README DiG 1.0
Last edited: April 6, 2009
Applies to Disease Groups (DiG) release: 1.0
Release date: April 6, 2009
Download location: currently not available for download. Contact ian.donaldson@biotek.uio.no
Authors: Katerina Michalickova and Ian Donaldson
Database: DiG (http://donaldson.uio.no/wiki/DiG:_Disease_groups)
Organization: Biotechnology Centre of Oslo, University of Oslo (http://www.biotek.uio.no/)
Contents
Description
This file describes the contents of the tab-delimited format of the Disease Groups list.

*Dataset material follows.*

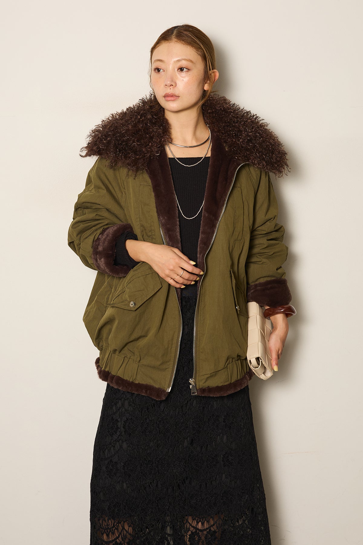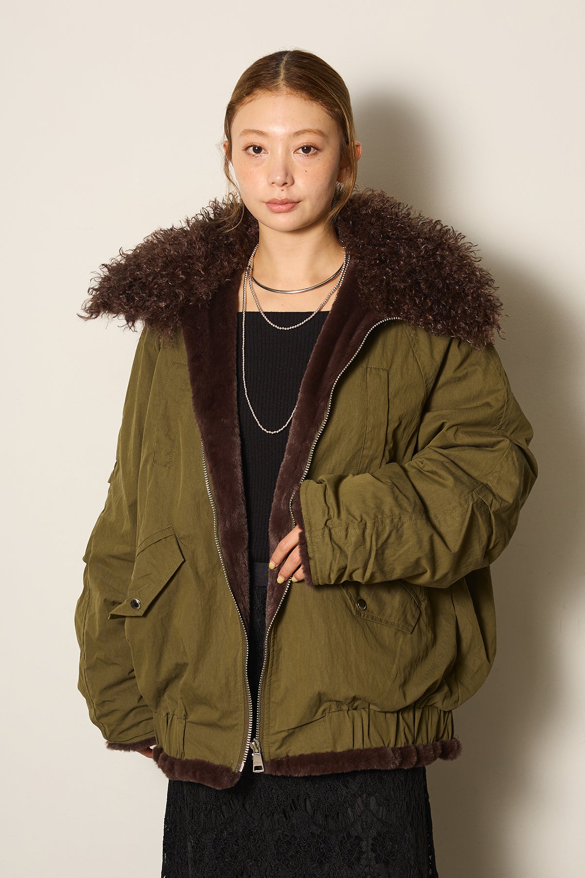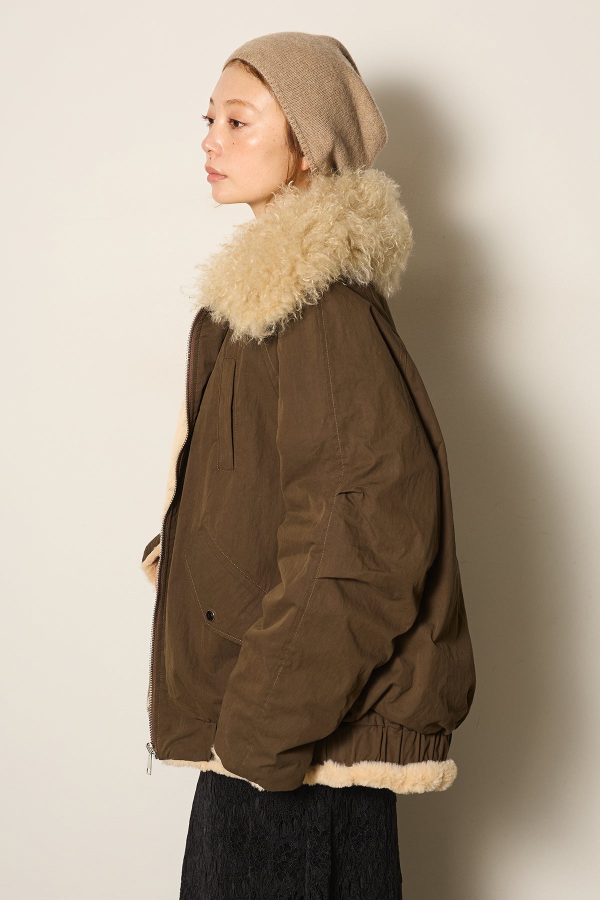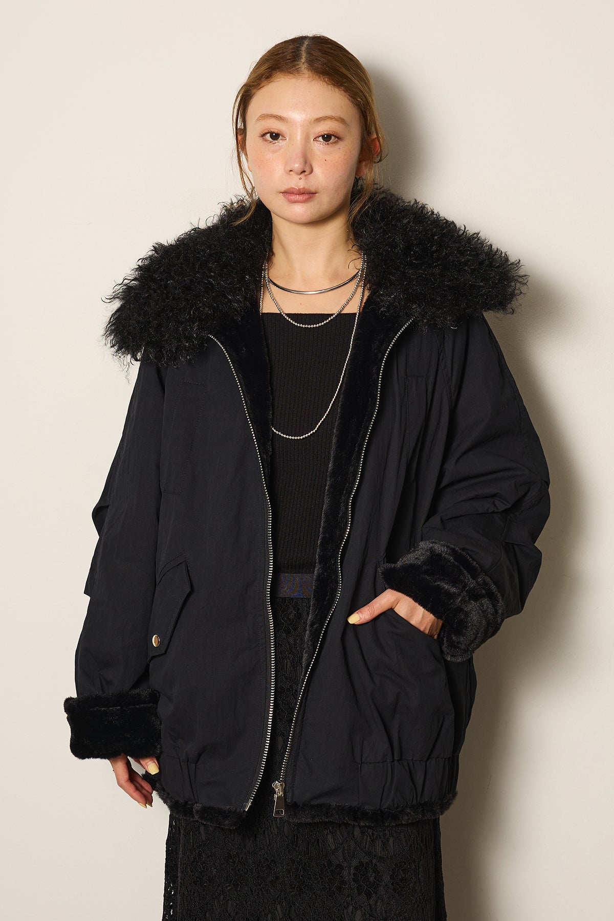 存在感のあるボア襟が目を引くジップポケットブルゾン。程よいボリューム感とドロップショルダーで抜け感をプラスし、羽織るだけでトレンドライクな印象に。内側はふんわりとした裏地仕様で暖かく、実用性とデザイン性を兼ね備えています。パンツにもスカートにも合わせやすく、冬のメインアウターとして活躍するアイテムです。

Details on the build process are available from http://donaldson.uio.no/wiki/DiG:_Disease_groups
Contact ian.donaldson at biotek.uio.no if you are interested in using DiG.
Directory contents
README | pointer to this file at http://donaldson.uio.no/wiki/README_DiG_1.0 |
diseasegroups.mmddyyyytxt.zip | the DiG list |
DiG data consists of one tab-delimited text file with the name diseasegroups.mmddyyyy.txt.zip where mmddyyyy represents the file's creation date.
Changes from last version
Not applicable
Source data used for this build | http://donaldson.uio.no/wiki/Sources_DiG_1.0 |
Statistics for this release | Not available |
Known Issues
None. First release.
Understanding the DiG format
License
Copyright © 2008, 2009 Ian Donaldson
Citation
DiG is not yet published.
Disclaimer
Data is distributed in the hope that it will be useful, but WITHOUT ANY WARRANTY; without even the implied warranty of MERCHANTABILITY or FITNESS FOR A PARTICULAR PURPOSE.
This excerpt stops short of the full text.